TASK DESCRIPTION -
Reproduce, exactly and only, the lines of the data that follows from the one containing "Une fois notre" down to the one containing "長寿命:2000回の充放電サイクル(容量80%)を実現しまし", without pictures.

AVAILABLE DATA -
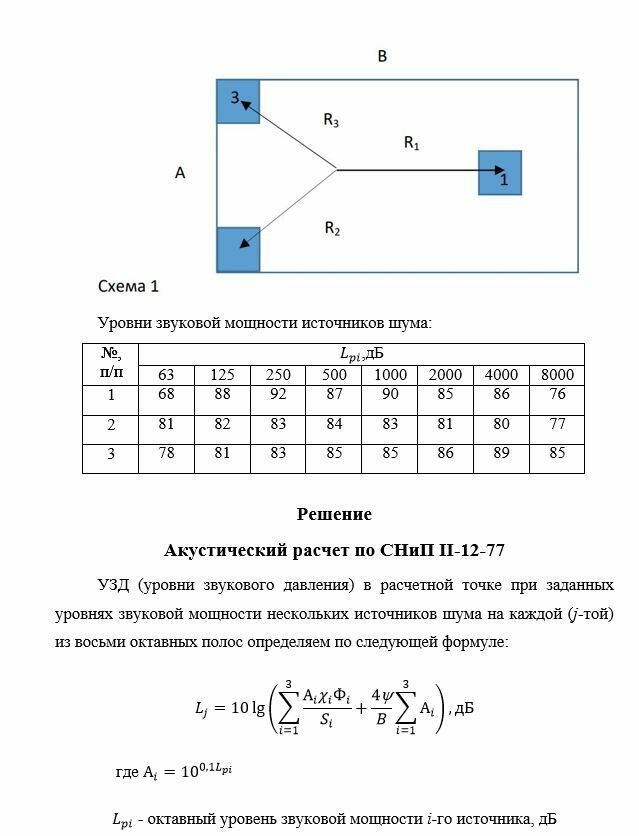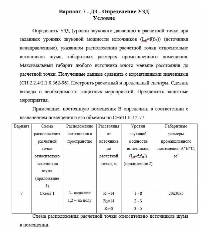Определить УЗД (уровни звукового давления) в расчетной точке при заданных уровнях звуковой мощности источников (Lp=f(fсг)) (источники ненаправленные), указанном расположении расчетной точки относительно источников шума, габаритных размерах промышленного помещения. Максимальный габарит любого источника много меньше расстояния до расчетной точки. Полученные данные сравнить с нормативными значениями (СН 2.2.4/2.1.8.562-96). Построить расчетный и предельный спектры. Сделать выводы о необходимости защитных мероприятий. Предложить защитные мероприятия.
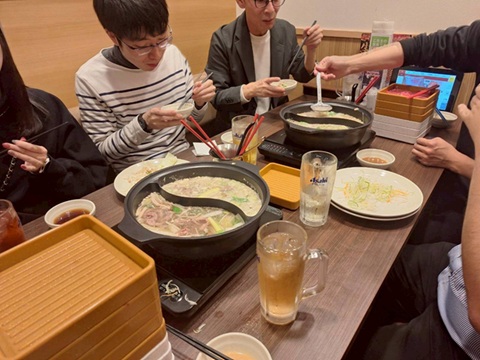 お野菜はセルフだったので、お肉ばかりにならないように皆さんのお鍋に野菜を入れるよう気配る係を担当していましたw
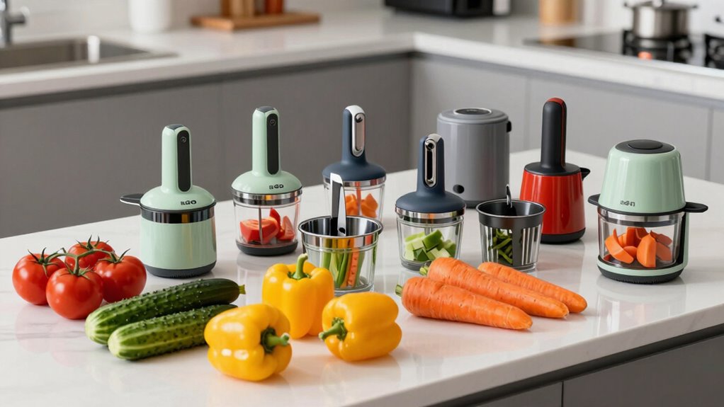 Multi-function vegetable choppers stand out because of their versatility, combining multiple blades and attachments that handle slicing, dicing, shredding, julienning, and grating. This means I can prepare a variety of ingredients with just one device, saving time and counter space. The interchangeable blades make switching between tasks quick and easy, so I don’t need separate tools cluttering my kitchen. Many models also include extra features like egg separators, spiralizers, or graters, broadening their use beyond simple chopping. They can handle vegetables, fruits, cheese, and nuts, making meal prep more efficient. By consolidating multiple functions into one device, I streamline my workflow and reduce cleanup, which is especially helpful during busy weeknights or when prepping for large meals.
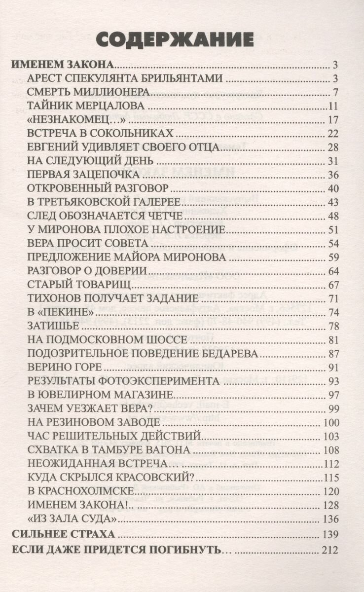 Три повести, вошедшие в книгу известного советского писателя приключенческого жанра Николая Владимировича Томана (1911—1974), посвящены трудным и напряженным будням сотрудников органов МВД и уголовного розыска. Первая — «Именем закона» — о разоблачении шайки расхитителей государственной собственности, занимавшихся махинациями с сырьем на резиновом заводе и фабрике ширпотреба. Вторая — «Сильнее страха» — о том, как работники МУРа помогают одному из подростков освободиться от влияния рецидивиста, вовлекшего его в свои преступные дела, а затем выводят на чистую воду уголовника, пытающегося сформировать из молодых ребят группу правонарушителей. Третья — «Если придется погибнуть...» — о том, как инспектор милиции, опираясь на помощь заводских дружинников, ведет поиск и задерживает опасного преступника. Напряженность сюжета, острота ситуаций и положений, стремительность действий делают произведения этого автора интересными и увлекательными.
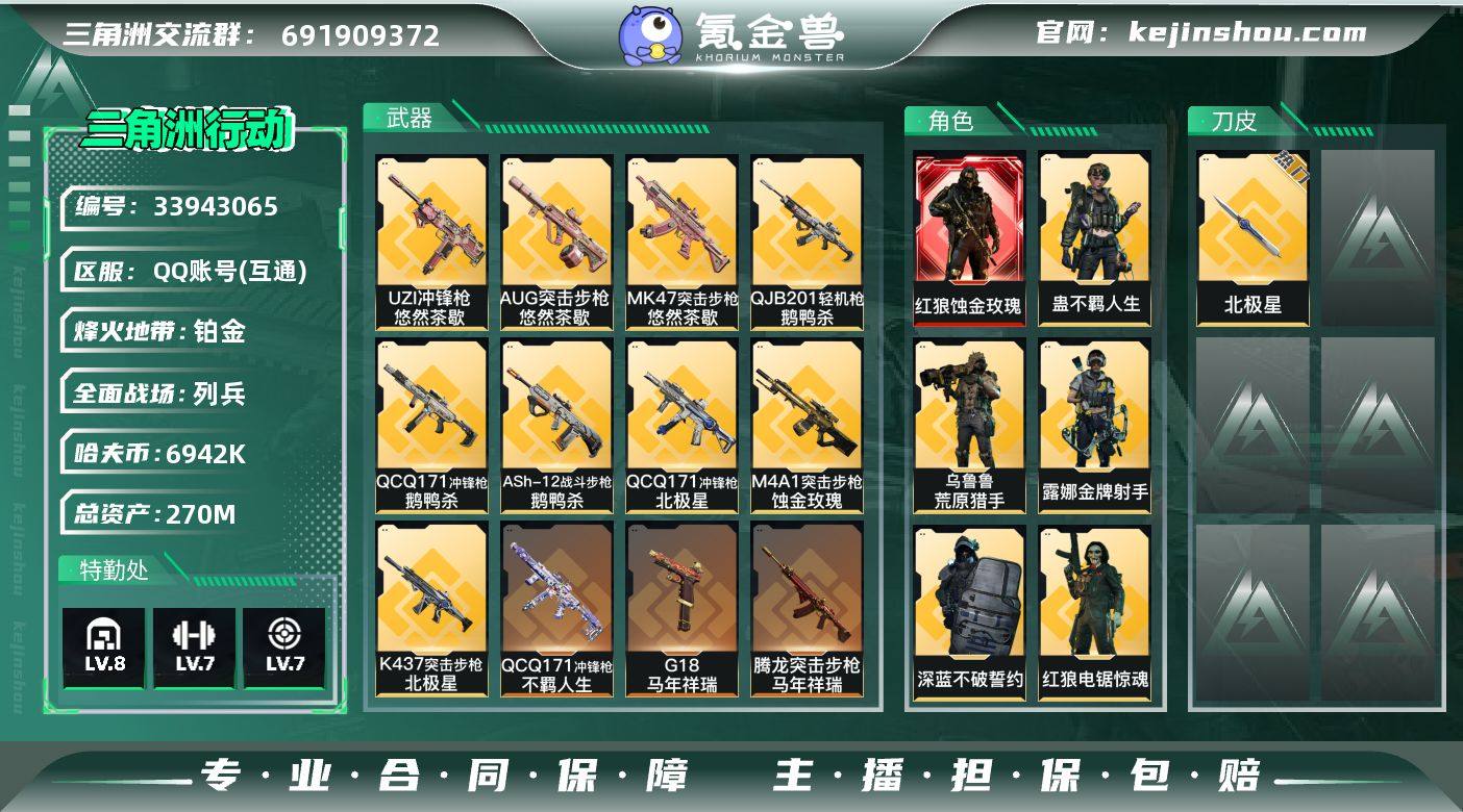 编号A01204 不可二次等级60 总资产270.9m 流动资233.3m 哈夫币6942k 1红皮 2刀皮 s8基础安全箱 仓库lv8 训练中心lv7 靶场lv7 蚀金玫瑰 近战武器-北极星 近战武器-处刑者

--

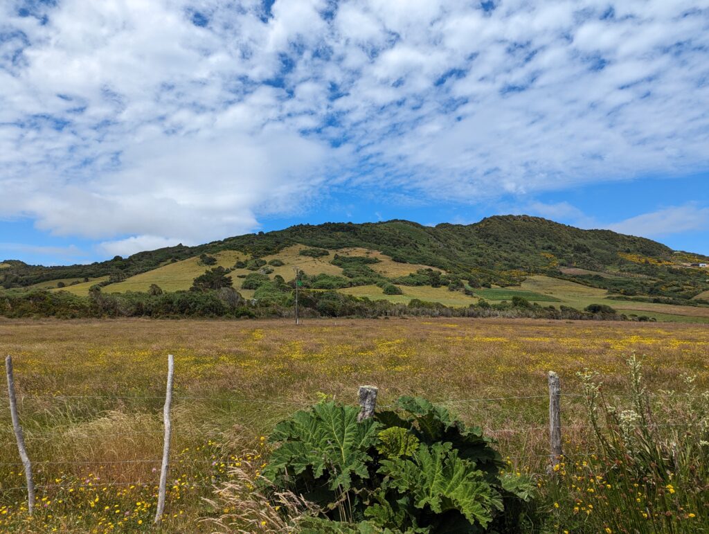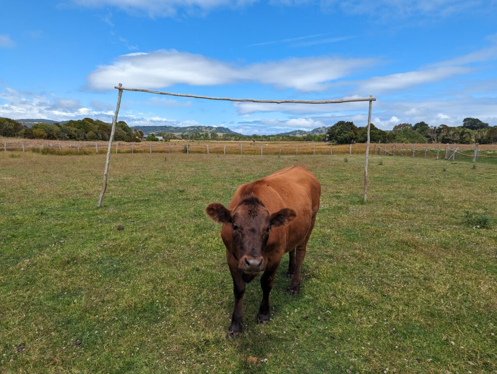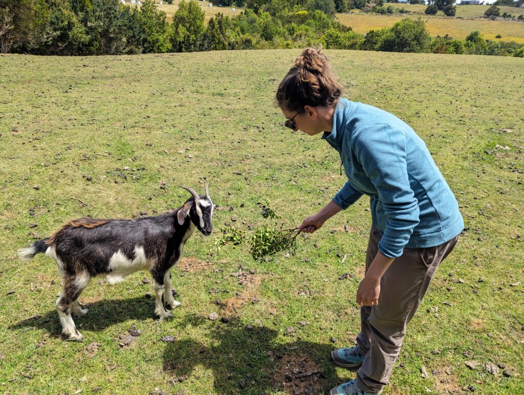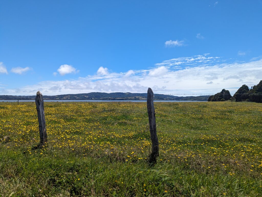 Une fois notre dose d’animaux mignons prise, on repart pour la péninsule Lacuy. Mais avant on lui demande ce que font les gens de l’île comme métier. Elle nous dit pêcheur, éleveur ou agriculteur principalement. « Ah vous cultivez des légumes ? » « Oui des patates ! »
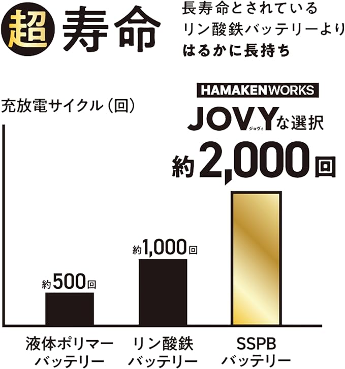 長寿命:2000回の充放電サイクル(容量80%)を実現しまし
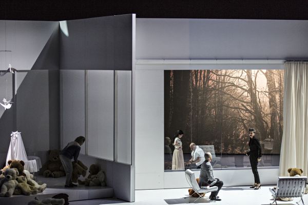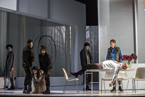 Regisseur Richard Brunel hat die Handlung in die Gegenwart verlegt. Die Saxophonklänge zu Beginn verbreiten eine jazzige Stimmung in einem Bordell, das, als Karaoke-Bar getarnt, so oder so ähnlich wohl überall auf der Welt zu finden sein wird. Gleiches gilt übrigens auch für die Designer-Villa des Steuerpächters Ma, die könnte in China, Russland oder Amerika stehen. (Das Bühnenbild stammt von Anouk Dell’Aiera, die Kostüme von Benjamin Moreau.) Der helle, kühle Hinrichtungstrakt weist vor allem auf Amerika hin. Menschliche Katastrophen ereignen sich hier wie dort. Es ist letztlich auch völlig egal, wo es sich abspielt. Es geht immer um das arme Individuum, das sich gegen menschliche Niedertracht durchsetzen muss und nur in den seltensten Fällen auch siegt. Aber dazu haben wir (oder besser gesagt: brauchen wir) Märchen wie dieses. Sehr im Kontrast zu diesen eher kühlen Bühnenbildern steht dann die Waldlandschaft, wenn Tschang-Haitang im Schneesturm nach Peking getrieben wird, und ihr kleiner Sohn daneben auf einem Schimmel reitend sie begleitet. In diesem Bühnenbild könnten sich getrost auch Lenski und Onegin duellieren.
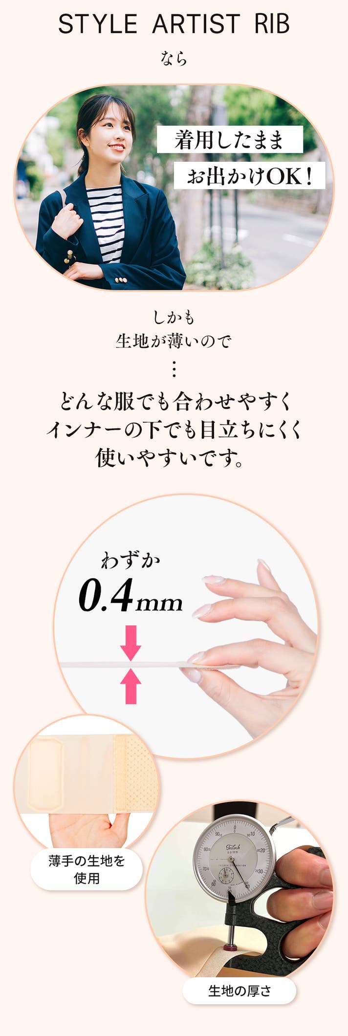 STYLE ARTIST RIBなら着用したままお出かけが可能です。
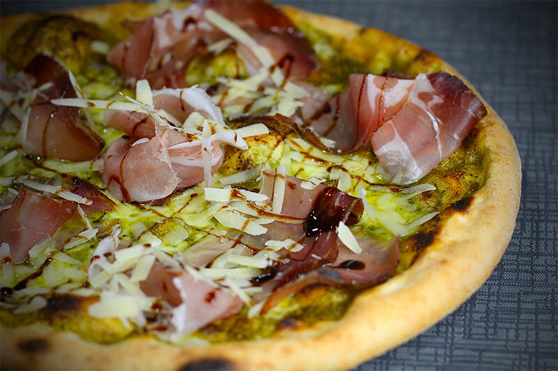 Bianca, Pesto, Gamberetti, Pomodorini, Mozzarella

* * *

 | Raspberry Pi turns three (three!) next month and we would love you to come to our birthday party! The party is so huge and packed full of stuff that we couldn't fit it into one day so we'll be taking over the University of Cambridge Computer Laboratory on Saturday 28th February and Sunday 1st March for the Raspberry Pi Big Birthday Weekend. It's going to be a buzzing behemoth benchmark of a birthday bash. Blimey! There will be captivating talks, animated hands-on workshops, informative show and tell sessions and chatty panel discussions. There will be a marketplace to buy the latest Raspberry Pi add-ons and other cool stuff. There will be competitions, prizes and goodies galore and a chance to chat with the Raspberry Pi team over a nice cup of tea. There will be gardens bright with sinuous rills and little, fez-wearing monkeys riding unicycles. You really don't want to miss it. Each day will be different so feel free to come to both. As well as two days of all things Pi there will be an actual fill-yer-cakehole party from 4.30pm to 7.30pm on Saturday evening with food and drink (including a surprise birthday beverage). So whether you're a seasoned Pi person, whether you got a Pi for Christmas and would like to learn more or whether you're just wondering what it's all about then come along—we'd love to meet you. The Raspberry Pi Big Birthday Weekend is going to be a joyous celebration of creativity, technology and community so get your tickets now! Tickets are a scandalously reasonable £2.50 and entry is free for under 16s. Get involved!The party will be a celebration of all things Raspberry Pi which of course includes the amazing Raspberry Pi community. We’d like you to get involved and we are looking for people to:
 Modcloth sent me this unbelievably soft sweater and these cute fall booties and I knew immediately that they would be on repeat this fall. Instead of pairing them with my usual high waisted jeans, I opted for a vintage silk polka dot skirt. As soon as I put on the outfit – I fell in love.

TASK RESULT -
 Une fois notre dose d’animaux mignons prise, on repart pour la péninsule Lacuy. Mais avant on lui demande ce que font les gens de l’île comme métier. Elle nous dit pêcheur, éleveur ou agriculteur principalement. « Ah vous cultivez des légumes ? » « Oui des patates ! »
 長寿命:2000回の充放電サイクル(容量80%)を実現しまし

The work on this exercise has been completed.